Shortly after, the emperor, fatigued by his journey, begged leave to
retire to his apartments, whither he went, accompanied by his "brother
of France" and followed by his attendants.  At the door Francis, with
many expressions of good will, took leave of his royal guest for the
time being, and, turning, encountered the Duke of Friedwald.

Francis, himself once accustomed to assume the disguise of an archer of
the royal guard the better to pursue his love follies among the people,
now gazed curiously upon one who had befooled the entire court.

"You took your departure, my Lord," said the king, quietly, "without
waiting for the order of your going."

"He who enacts the fool, your Majesty, without patent to office must
needs have good legs," replied the young man.  "Else will he have his
fingers burnt."

"Only his fingers?" returned the monarch with a smile, somewhat
sardonic.

"Truly," thought the other, as Francis strode away, "the king regrets
the fool's escape from Notre Dame and the fagots."

During the next day Charles called first for his leech and then for a
priest, but whether the former or the latter, or both, temporarily
assuaged the restlessness of mortal disease, that night he was enabled
to be present at the character dances given in his honor by the ladies
of the court in the great gallery of the château.
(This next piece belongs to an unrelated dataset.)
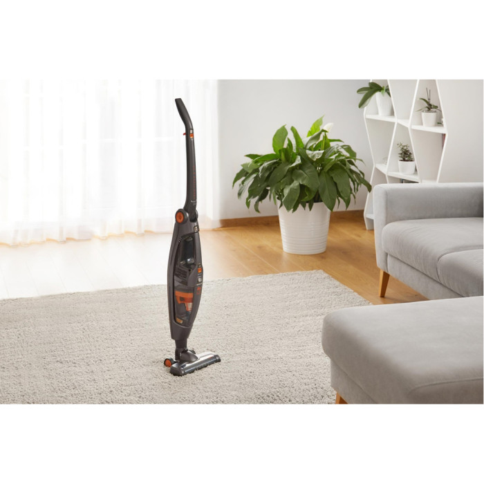- Хорошая управляемость и маневренность вблизи предметов мебели благодаря возвращающейся насадке на 18 а также маленькой массе пылесоса.

At a signal from the cornet, gitterns, violas and pipes began to play,
and Francis and his august guest, accompanied by Queen Eleanor, and the
emperor's sister, Marguerite of Navarre, entered the hall, followed by
the dauphin and Catharine de Medici, Diane de Poitiers, the Duchesse
d'Etampes; marshal, chancellor and others of the king's friends and
counselors; courtiers, poets, jesters, philosophers; a goodly company,
such as few monarchs could summon at their beck and call.  Charles' eye
lighted; even his austere nature momentarily kindled amid that
brilliant spectacle; Francis' palace of pleasure was an intoxicating
antidote to spleen or hypochondria.  And when the court ladies, in a
dazzling band, appeared in the dance, led by the Duchesse d'Etampes, he
openly expressed his approval.

"Ah, Madam," he said to the Queen of Navarre, "there is little of the
monastery about our good brother's court."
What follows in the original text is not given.